Bir önceki yazımda bir başka vesileyle bulunduğum atfı buraya da kendim için alayım.
Anlaşılan o ki benim için bu yıl “Batı Cephesinde Yeni Bir Şey Yok”.
Bu yazıdan sonra muhakemeye girişeceğim. Bir süre kepenkleri kapatmaya yönelebilirim. Aksi olur da karalamalarımı koyarsam zaten o olağanın sürmesi demektir.
Evet,
Her yeni yıla tekil veya eğlencelik özelliği olan bir film seyriyle girmek isterim. Ne bileyim karlı bir Noel telaşesini ya da klasik otomobiller üzerine tatlı bir hikâyeyi anlatan film diyelim mesela. İşte önümde bir müzikal var.
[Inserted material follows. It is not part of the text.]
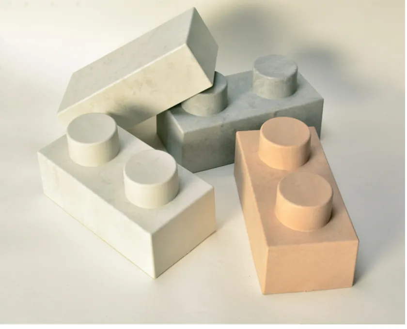 壁紙リサイクル材を70%配合したPVCコンパウンドを開発しました。 和紙の様な風合いとPVCならではの優しい柔らかさを備えたPVCブロックに加工しました。描く、塗る、つなげる、など自由な発想を育むアイテムです。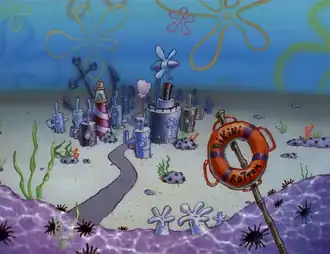 - Het restaurant van Meneer Krabs. Niet in elke aflevering wordt het restaurant de Krokante Krab genoemd, in sommige afleveringen spreekt men over de Korstige Krab.

Bundan iyisi Şam’da kayısı.
Bu yılbaşı tatilimde geleneksel sinema ritüelimi “Batı Yakası’nın Hikâyesi” filmini izleyerek yerine getirdim. “Batı Yakası’nın Hikâyesi” derken diğer bir eser (roman) olan “Batı Cephesinde Yeni Bir Şey Yok” adı dilime pelesenk olup duruyor. Fonetik çağrışımından mıdır yoksa başka bir anlam paralelliği oluşturmamdan mıdır tam olarak bilemiyorum. Galiba her ikisi de.
“Yaka-cephe” ikiliğinin içerdiği anlamlardan birisi de coğrafi işaretlemedir. Hikâyeleme işi, atıfta bulunulanı anlatmaya çalışmak olduğuna göre hikâyesi malum bir coğrafi alanda beklenen değişikliğin olmamasını anlatan içerikleriyle de paralellik kurmuş olabilirim. Batı yakası, itilmişlerin kümelendiği New York’un işçi mahallesindeki dramı anlatırken, Batı Cephesi, Birinci Dünya Savaşı dramındaki bir kesiti anlatmaktadır.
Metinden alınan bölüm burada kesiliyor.